About a quarter of its production is Marsanne/Roussanne white.
It’s very cute here, the vines face South and are wrapped around the charming town of Tain l’Ermitage, which is also where the Valrhona chocolate factory and museum are, it’s worth a visit!
Hermitage is the most expensive of the Northern Rhône wines, and that’s because they’re great, they’re famous, they’re age-worthy, and they’ve always been known for quality.
Wrapping around the tiny Hermitage is Crozes-Hermitage, which is the biggest of the Northern Rhône appellations. It produces roughly eight times more wine than Hermitage!
This bigger region has quite a variety of soil types as well as aspects, with some of the vines facing West, reducing the fruitiness and power.
There’s a lot of great value to be had from this appellation, with some outstanding producers making powerful, age-worthy wines, but also plenty of cheap and cheerful Syrah as well.
About a tenth of production from Crozes-Hermitage is the Marsanne/Roussanne blend.
Cornas makes very good wines that can be powerful and ageworthy. Southeast facing, this appellation has some of the best geography in the Northern Rhône.
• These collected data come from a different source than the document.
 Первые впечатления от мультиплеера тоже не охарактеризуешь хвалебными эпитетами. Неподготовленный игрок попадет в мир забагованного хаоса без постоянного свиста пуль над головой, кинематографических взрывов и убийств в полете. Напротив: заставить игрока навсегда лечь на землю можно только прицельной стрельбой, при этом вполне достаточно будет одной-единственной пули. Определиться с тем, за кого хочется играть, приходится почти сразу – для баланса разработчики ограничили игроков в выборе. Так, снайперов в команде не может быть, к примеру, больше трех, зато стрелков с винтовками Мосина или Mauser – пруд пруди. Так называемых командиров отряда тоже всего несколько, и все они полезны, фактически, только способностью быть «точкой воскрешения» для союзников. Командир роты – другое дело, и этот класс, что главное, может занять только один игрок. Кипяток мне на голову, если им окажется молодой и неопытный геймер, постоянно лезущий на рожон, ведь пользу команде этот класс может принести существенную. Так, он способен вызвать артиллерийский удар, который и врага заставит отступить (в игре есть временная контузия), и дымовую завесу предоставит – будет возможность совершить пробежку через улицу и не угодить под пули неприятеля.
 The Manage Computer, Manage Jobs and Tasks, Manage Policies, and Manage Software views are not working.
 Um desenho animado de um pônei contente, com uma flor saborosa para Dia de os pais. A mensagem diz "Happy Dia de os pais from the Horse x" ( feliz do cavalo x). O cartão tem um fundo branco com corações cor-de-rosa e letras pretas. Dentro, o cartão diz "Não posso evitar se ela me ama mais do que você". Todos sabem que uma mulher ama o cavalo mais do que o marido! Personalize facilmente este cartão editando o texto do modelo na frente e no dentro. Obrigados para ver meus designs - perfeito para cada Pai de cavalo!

These wines are known for being the biggest and richest wines of the region with lots of tannins, but these days there’s plenty of user friendly Cornas on the market.
This tiny appellation at the Southernmost part of the Northern Rhône makes sparkling wines!
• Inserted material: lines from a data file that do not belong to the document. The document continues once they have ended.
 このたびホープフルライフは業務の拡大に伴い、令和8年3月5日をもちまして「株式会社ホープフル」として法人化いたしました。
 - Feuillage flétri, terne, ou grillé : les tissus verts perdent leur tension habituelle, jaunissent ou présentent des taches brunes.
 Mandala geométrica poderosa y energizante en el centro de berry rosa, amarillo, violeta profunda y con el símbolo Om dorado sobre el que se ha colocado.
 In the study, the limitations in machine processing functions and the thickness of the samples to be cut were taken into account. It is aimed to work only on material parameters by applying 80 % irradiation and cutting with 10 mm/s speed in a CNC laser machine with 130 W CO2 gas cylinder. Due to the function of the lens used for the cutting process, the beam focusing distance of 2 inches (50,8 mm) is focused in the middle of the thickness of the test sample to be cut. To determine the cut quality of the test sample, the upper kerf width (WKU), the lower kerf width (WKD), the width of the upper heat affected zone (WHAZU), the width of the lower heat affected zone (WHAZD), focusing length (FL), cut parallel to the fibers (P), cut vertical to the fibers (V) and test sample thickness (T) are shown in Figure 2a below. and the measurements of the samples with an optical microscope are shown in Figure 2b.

Made with Marsanne, Roussanne, and also the Savoie grape Altesse, these are made in the traditional method, as Champagne would be.
They also make still whites from Marsanne and Roussanne.
IGP Collines Rhodaniennes
Keep your eyes peeled for the IGP from the Northern Rhône, IGP Collines Rhodaniennes.
These are the wines that either are made from vines just outside the boundaries of the appellations or don’t quite follow the rules. There is LOTS of good value to be found in this category.
Côtes du Rhône Wine – Mostly Grenache
Most Côtes du Rhône comes from the Southern Rhône and is not Syrah based, but some producers will make it.
Why You Should Drink Northern Rhône Wine
It’s delicious and even though some of it is super fancy, a lot of it is really good value! It’s always sure to impress, and it’s consistently good.